Pseudo-observations for the expected number of years lost

Description

Computes pseudo-observations for modeling using the number of years lost.

Usage

pseudoyl(time,event, tmax)

Arguments

time

the follow up time.

event

the cause indicator, use 0 as censoring code and integers to name the other causes.

tmax

the maximum cut-off point time = the upper limit of the integral of the cumulative incidence function. If missing or larger than the maximum follow up time, it is replaced by the maximum follow up time.

Details

The function calculates the pseudo-observations for the expected number of years lost for each individual. The pseudo-observations can be used for fitting a regression model with a generalized estimating equation. No missing values in either time or event vector are allowed.

Value

A list containing the following objects:

cause

The ordered codes for different causes.

pseudo

A list of vectors- a vector for each of the causes, ordered by codes. Each value of a vector belongs to one individual (ordered as in the original data set).

References

Andersen P.K.: "A note on the decomposition of number of life years lost according to causes of death." Research report, Department of Biostatistics, University of Copenhagen, 2012 (2)

See Also

pseudoci, pseudomean, pseudosurv

Examples

library(KMsurv)
data(bmt)
bmt$icr <- bmt$d1 +  bmt$d3


#compute the pseudo-observations:
pseudo = pseudoyl(time=bmt$t2, event=bmt$icr,tmax=2000)

#arrange the data - use pseudo observations for cause 2
a <- cbind(bmt,pseudo = pseudo$pseudo[[2]],id=1:nrow(bmt))

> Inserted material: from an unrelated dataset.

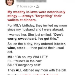 For years, my wealthy in-laws had a strange habit: they’d “forget” their wallets at restaurants, leaving others to pick up their lavish bills. I’d warned my husband,…

#fit a regression model for cause 2

library(geepack)
summary(fit <- geese(pseudo ~ z1 + as.factor(z8) + as.factor(group),
	data = a, id=id, jack = TRUE, family=gaussian, 
	corstr="independence", scale.fix=FALSE))


#rearrange the output
round(cbind(mean = fit$beta,SD = sqrt(diag(fit$vbeta.ajs)),
	Z = fit$beta/sqrt(diag(fit$vbeta.ajs)),	PVal =
	2-2*pnorm(abs(fit$beta/sqrt(diag(fit$vbeta.ajs))))),4)